> [DIRECTIONS FOR THIS TASK] Output exactly the lines that run from the start of the records to the line with "Great Condo in", counting both ends, and skip the pictures.

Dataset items
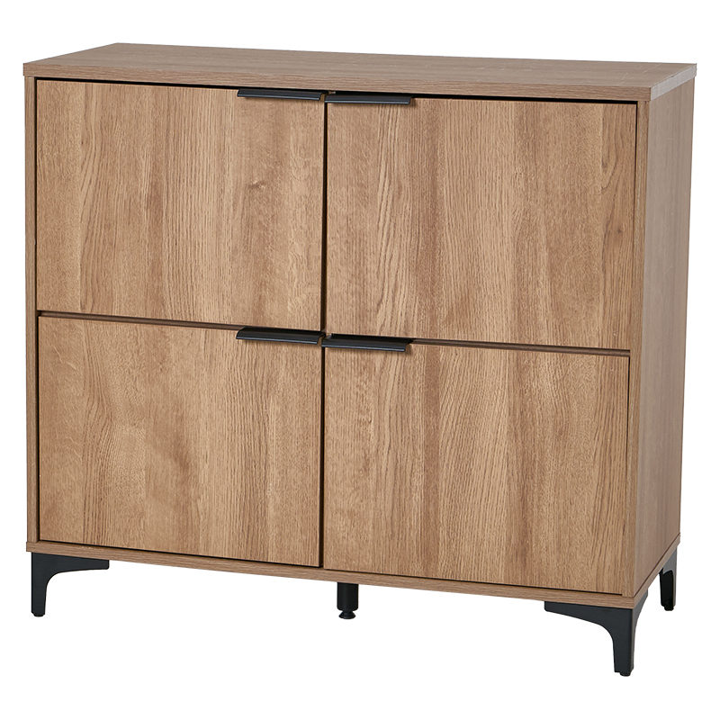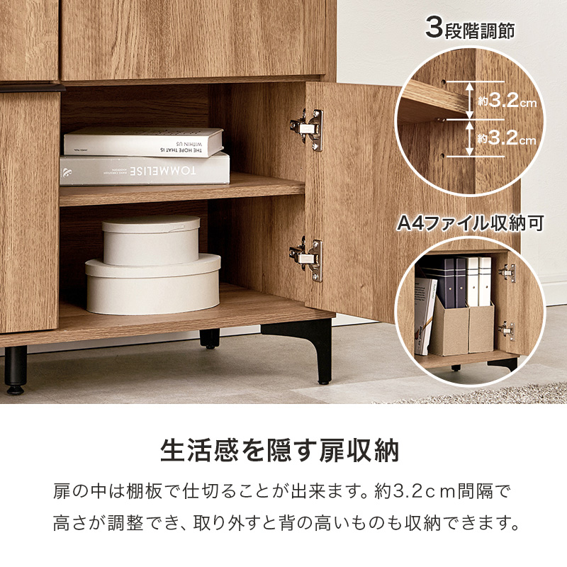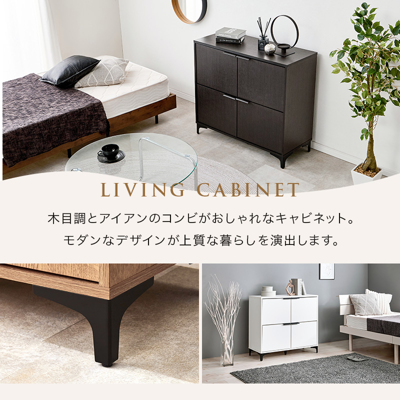 木目調の本体とアイアンの脚部のコンビがおしゃれなキャビネット。扉ごとに中が区切られているので収納するものの用途別に生活感をスッキリ隠せます。
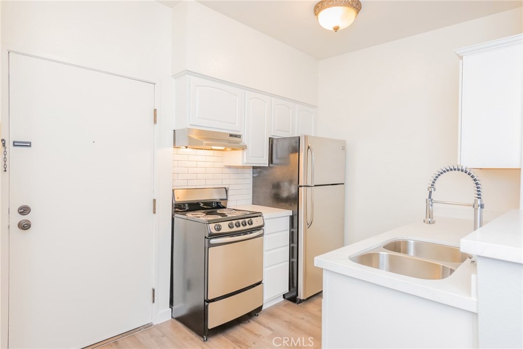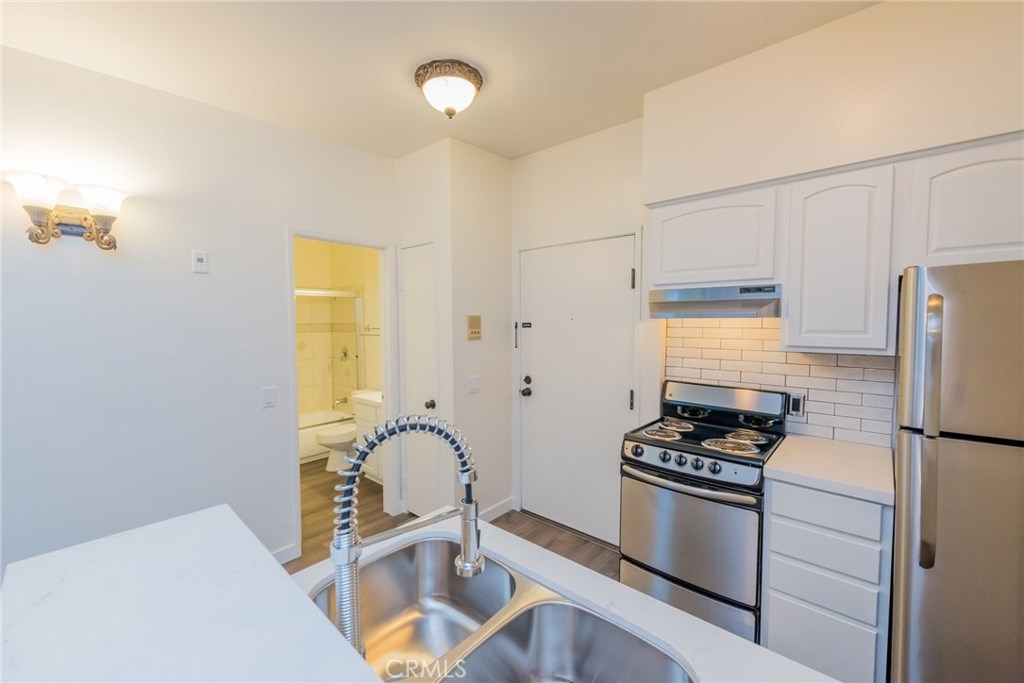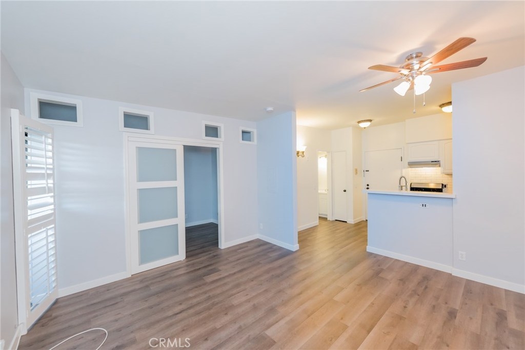 Great Condo in the West Valley!! Upper end unit with only one shared wall. Kitchen is equipped with Quartz counters in the kitchen, stainless steel appliances that includes electric stove, hood and refrigerator. Other features include laminate flooring, ceiling fan and fresh paint. Previous owners installed a dividing wall with sliding doors to create cozy bedroom. 1 Car covered parking space in gated parking lot.
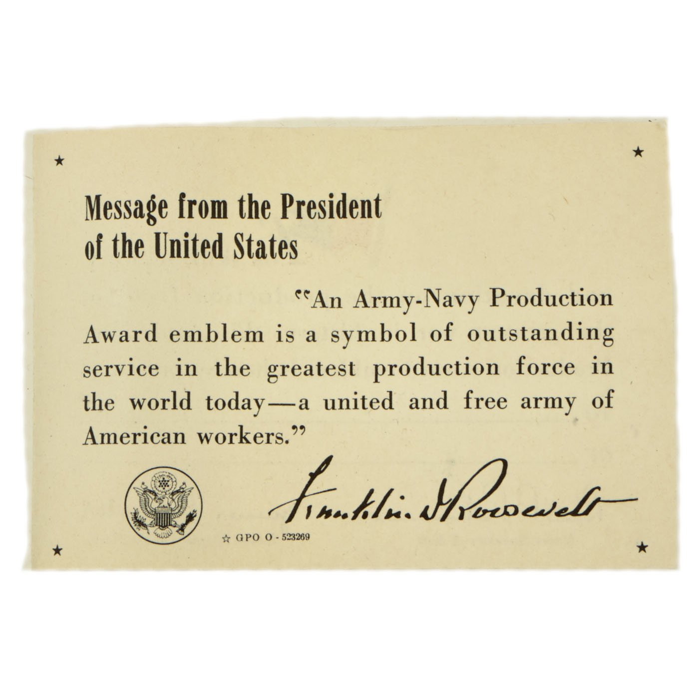 The Army-Navy "E" Award was an honor presented to companies during World War II whose production facilities achieved "Excellence in Production" ("E") of war equipment. The award was also known as the Army-Navy Production Award. The award was created to encourage industrial mobilization and production of war time materials. By war's end, the award had been earned by only 5% of the more than 85,000 companies involved in producing materials for the U.S. military's war effort.
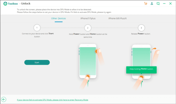 Krok 3 – teraz musíte reštartovať váš iPhone do DFU módu. iSkysoft Toolbox vám dá inštrukcie ako na to.
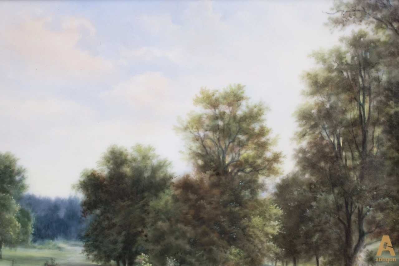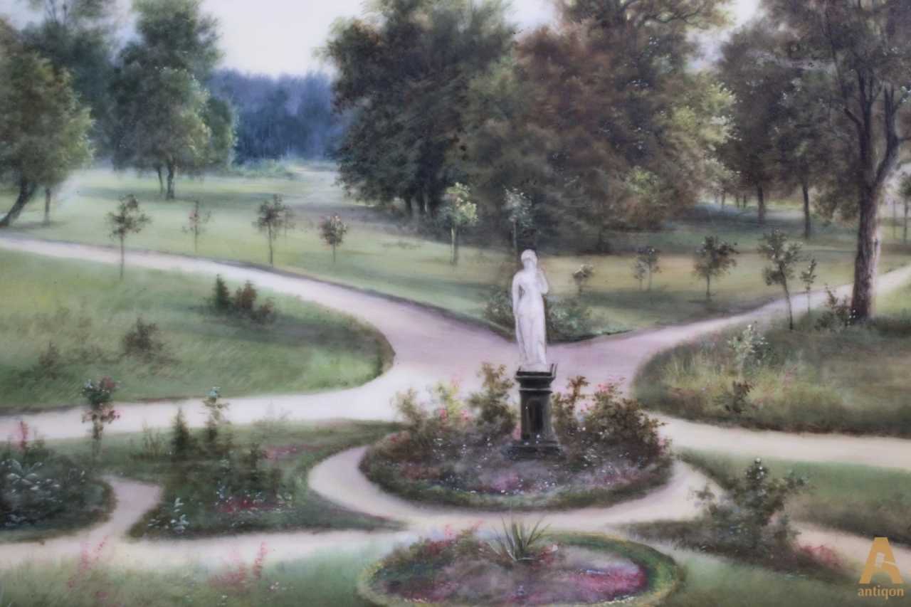 Peinture sur porcelaine. Vue sur le parc. Taille interne - 22,5 cm x 27,5 cm.
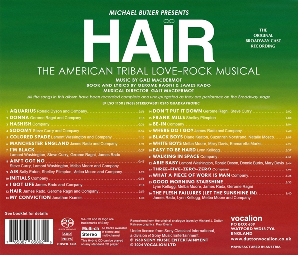 1: Aquarius (2:56) 2: Donna (2:10) 3: Hashish (0:36) 4: Sodomy (0:54) 5: Colored Spade (1:12) 6: Manchester England (1:21) 7: I'm Black (0:27) 8: Ain't Got No (0:45) 9: Air (1:28) 10: Initials (0:56) 11: I Got Life (2:18) 12: Hair (2:59) 13: My Conviction (1:38) 14: Don't Put It Down (2:02) 15: Frank Mills (2:08) 16: Be-In (3:04) 17: Where Do I Go? (2:40) 18: Black Boys (1:09) 19: White Boys (2:27) 20: Easy To Be Hard (2:37) 21: Walking In Space (4:51) 22: Abie Baby (2:44) 23: Three-Five-Zero-Zero (3:08) 24: What A Piece Of Work Is Man (1:36) 25: Good Morning Starshine (2:33) 26: The Flesh Failures (Let The Sunshine In) (3:40)
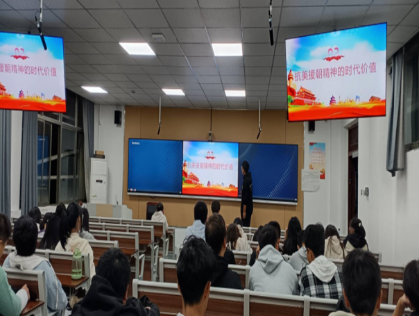 班会深入探讨了抗美援朝精神的丰富内涵。抗美援朝精神是马克思列宁主义、毛泽东思想同正义战争伟大实践相结合的产物,是人民军队宗旨、本色和作风的体现,是中华民族不畏强暴、敢于斗争的历史传统的弘扬,是中国人民极其宝贵的精神财富。抗美援朝精神成为激励中国人民不断前进的强大动力。
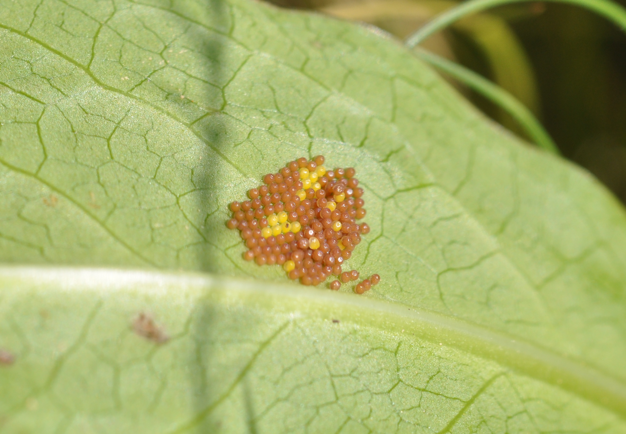Gelege des Goldenen Scheckenfalters im Juni 2014 im Grünen Band von Sachsen.

> [OUTPUT]
 木目調の本体とアイアンの脚部のコンビがおしゃれなキャビネット。扉ごとに中が区切られているので収納するものの用途別に生活感をスッキリ隠せます。
 Great Condo in the West Valley!! Upper end unit with only one shared wall. Kitchen is equipped with Quartz counters in the kitchen, stainless steel appliances that includes electric stove, hood and refrigerator. Other features include laminate flooring, ceiling fan and fresh paint. Previous owners installed a dividing wall with sliding doors to create cozy bedroom. 1 Car covered parking space in gated parking lot.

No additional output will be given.